An array destructing specification choice

Lasse Reichstein reichsteinatwork at gmail.com
Sat Nov 5 09:59:40 PDT 2011


On Sat, Nov 5, 2011 at 5:28 PM, Allen Wirfs-Brock <allen at wirfs-brock.com> wrote:
> In the following declaration, what should be the value of z?
>
> let [z,y,z] = {0:0, 1:1, length: 2, 2:2};

(I assume the pattern should be [x,y,z], not [z,y,z], or am I missing a point?)

> should it be be 2 or undefined

If it does anything at all (and not, say, throw a TypeError because
the RHS isn't an Array, which it won't), I'd go for 2.
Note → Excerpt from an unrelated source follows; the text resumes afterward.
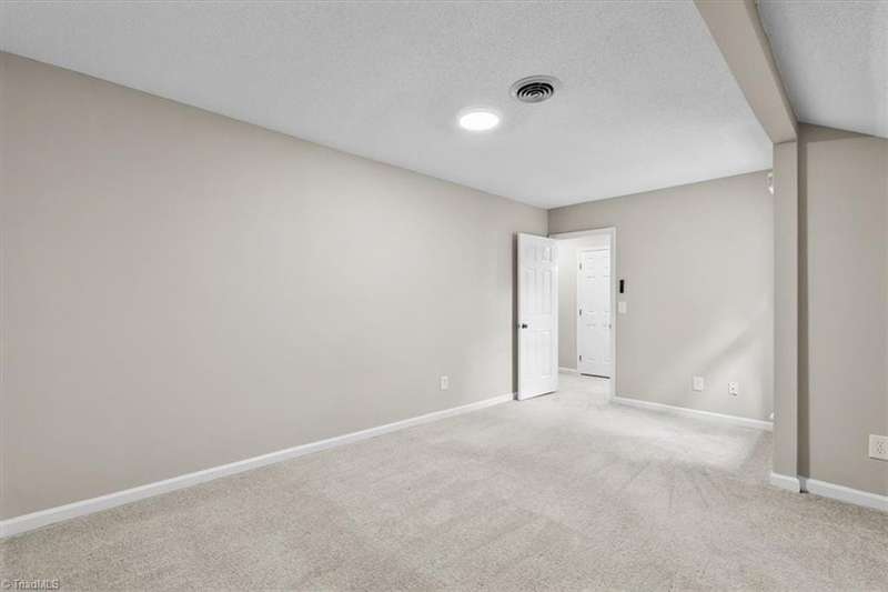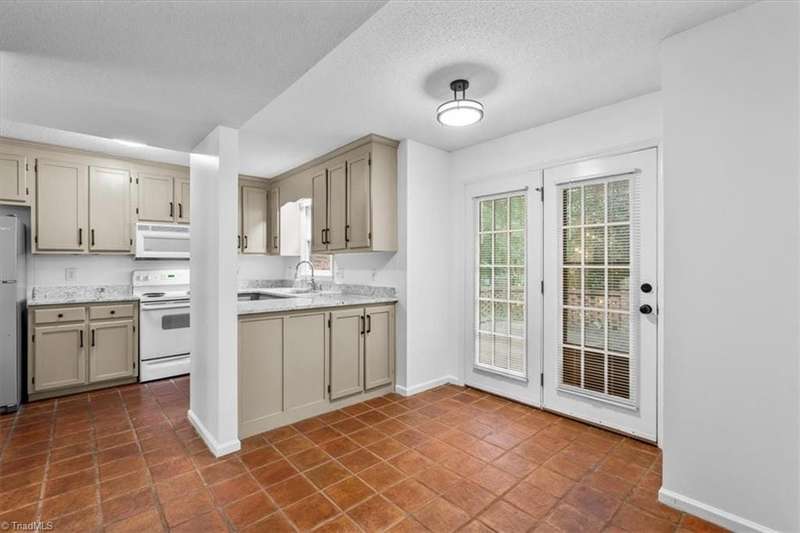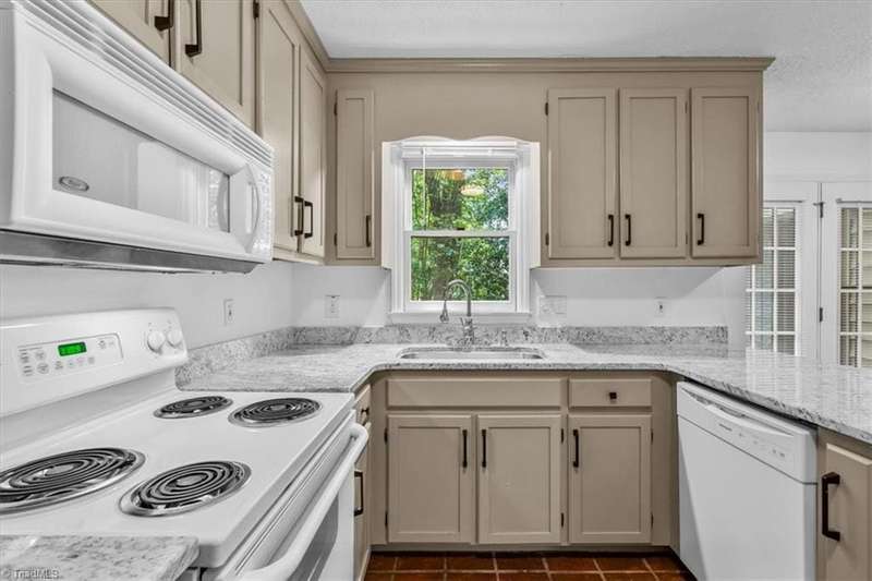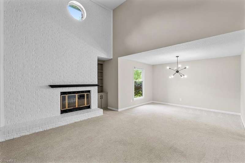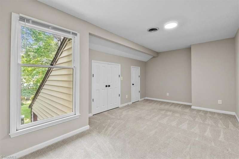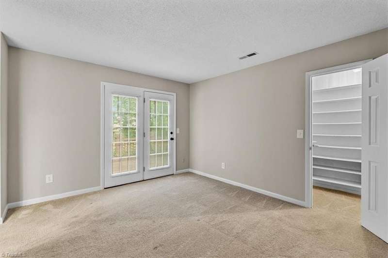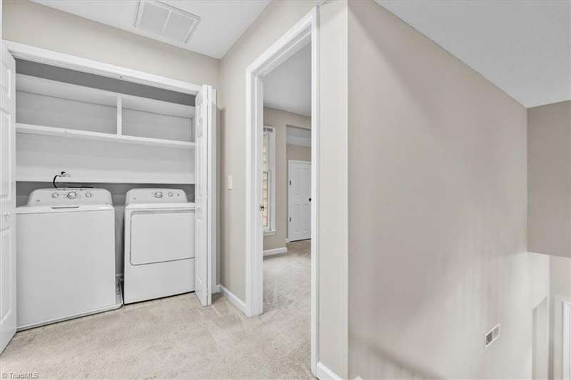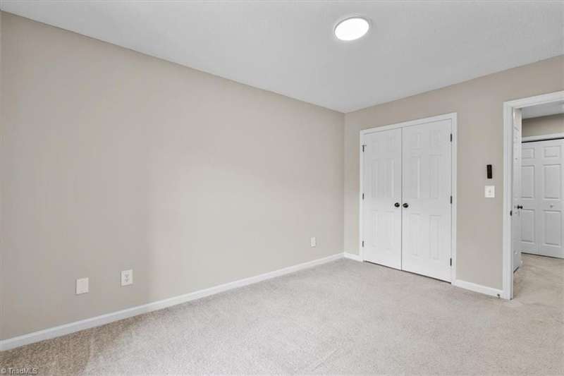 Charming 3 bedroom, 2.5 bath, townhome in Northwest Greensboro. Newly updated bathrooms with fresh tile, new vanities and mirrors. Fresh paint throughout, newer carpet, refrigerator and dishwasher. Main level primary suite with walk in closet that opens to the private patio. Two story great room with fireplace, and built-ins adjacent to dining area. Kitchen features refinished cabinets, new granite countertops and undermount sink. Upstairs has 2 bedrooms and a full bath. Walk in attic for easy access storage. Two assigned parking spaces with community pool. Washer/Dryer included. Neighborhood lies steps from the A&Y Greenway, Military Park & GSO's watershed trails. Approximately 1 mile to Trader Joe's and Home Depot

There is no reason to involve RHS.length at all. The LHS isn't an
array, why should it require array-like-ness of the RHS. The LHS
together with the assignment operator is a construct that binds the
properties "0", "1", and "2" of the object on the RHS to the variables
"x", "y", and "z". It should be equivalent to the pattern {0:x, 1:y,
2:z}.

What if the RHS doesn't have a length property at all? Or it has one
with a value that isn't convertible to a number? No need for that
complexity.

> undefined might be reasonable because it is an array pattern, and the source object is only has two "array-like" elements
> 2 might be reasonable because the source object actually has a property named "2"
>
> Which alternative will be least surprising to JS programmers?

Mine, obviously. At least the least surprising to me.
I've learned not to generalize from that.